In 1974, Congress passed a law to protect and reform pension benefits in the United States called the Employee Retirement Security Act - ERISA for short. Before ERISA was passed, employees had little protection if their employer went bankrupt or raided their pension fund.
When it was finally passed, ERISA was a very broad employee benefit law that actually went beyond regulating pensions. It actually applies to all employee benefits, not just pensions.
Are all employers' benefit plans covered by ERISA?
No. If you work for a government agency or a church, your employer's fringe benefit plans are not covered. Some religious organizations have opted into coverage, but that is rare.
What types of employee benefits are covered by ERISA?
Essentially, any type of plan, fund or program that is organized to provide insurance, retirement, training and other benefits will be covered by ERISA. This includes:
- Disability Insurance
- Health Insurance
- LIfe and Accident Death & Dismemberment Insurance
- Long Term Care Insurance
- Training and Apprenticeship Programs
- Any other type of organized plan to provide fringe benefits to employees.

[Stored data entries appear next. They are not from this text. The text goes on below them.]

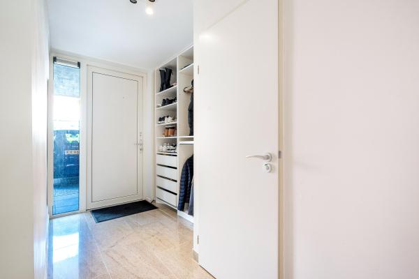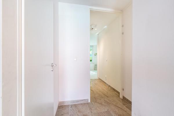 Entree/hal met trapopgang, wandcloset met fonteintje, werkkamer, pantry, bijkeuken, moderne badkamer met douche en wandcloset.
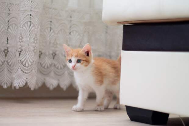 Это случилось 4 января 2016 года. Очень хорошо запомнила эту дату, так как у нас были билеты на театр кошек Куклачева, а я его ждала с октября. Идем мы домой, чтобы принарядиться перед концертом, а у нас лифт сломался. Пошли пешком, и слышим, как кто-то маленький пищит... Прибегаем на второй этаж, и там это рыженькое чудо! Так жалостливо пищал!
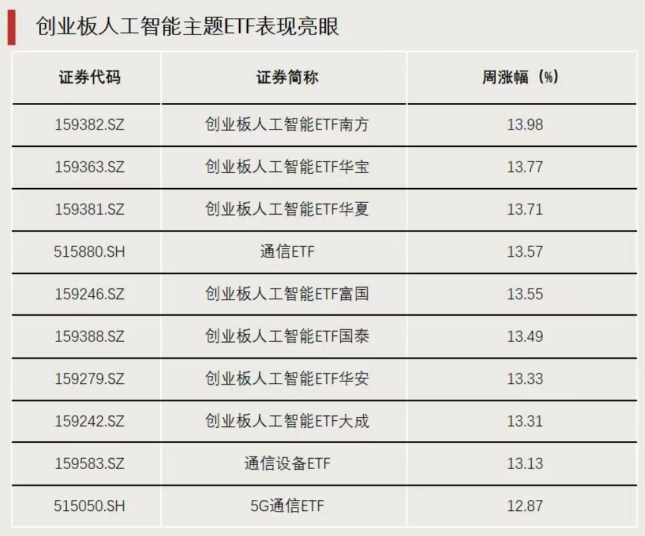 创业板人工智能主题ETF表现亮眼。上周涨幅前十ETF中,有7只产品挂钩创业板人工智能指数,涨幅全部超过13%。通信主题ETF涨幅同样居前,3只相关产品跻身涨幅前十。

ERISA is very broad, and courts have read it to include a wide variety of benefit plans.
What kinds of pensions are covered?
Nearly all types of retirement plans you have access to through work are covered by ERISA. Although some high-level executive plans called "Top Hat Plans" are not covered, most programs that will provide income in retirement will be covered.
Are 401k plans covered by ERISA?
Yes. 401k plans are covered, because they are type of pension plan.
If ERISA protects "Retirement," why are insurance plans covered?
As fringe benefits offered by employer grew to include different types of insurance, employers and unions agreed that these benefits were as important as pension funds. Remember that many health insurance plans were originally self-funded by unions and employers, and protecting those funds was very similar to protecting the cash that was funding pensions.
What if the employee pays for insurance coverage? Is it still covered by ERISA?
Generally, yes. As long as the employer sponsors the plan and makes it available to all employees, it is covered by the federal law. If the employer has nothing to do with the plan other than opening its doors to insurance sales people to have access to its employees, then there are exceptions that may take those benefits outside of ERISA. However, simple things like brochures with the employer's logo and distribution of materials by a human resources office can point to employer sponsorship. If you are not sure if a benefit is subject to ERISA or not, consult an attorney familiar with ERISA.
How many employees must an employer have to have a plan covered by ERISA?
One. One or more employees other than the owners of the company makes a benefit plan an employee benefit plan.
What if a company's only employees are the owners and their immediate families?
In that situation, a private company will generally not be subject to ERISA. It is important to look at how the company's governance is structured. Sometimes, a small business that sets itself up a corporation and unknowingly makes its benefit plans subject to ERISA. Just because a person is a family member does not automatically take the plan out of ERISA.
Why did Congress pass a federal law regulating benefits?
The 20th century saw the rapid growth of national companies. Gone were the days of the local store. As national chains expanded into new states, they had to deal with different regulations in each state. Congress sought to create one uniform set of rules for these companies. An unintended consequence of the law is that even local mom & pop stores are subject to ERISA if they offer fringe benefits to their employees.
Because ERISA is a very broad federal law, nearly everyone that works for a private employer is an one or more ERISA plans. If you have a benefit that is denied or you have trouble with making an ERISA claim, you should seriously consider hiring an attorney with extensive experience handling ERISA cases. ERISA is a complex federal law intertwined with extensive Department of Labor regulations, and knowing how it works can make the difference between getting a benefit you deserve or losing a claim.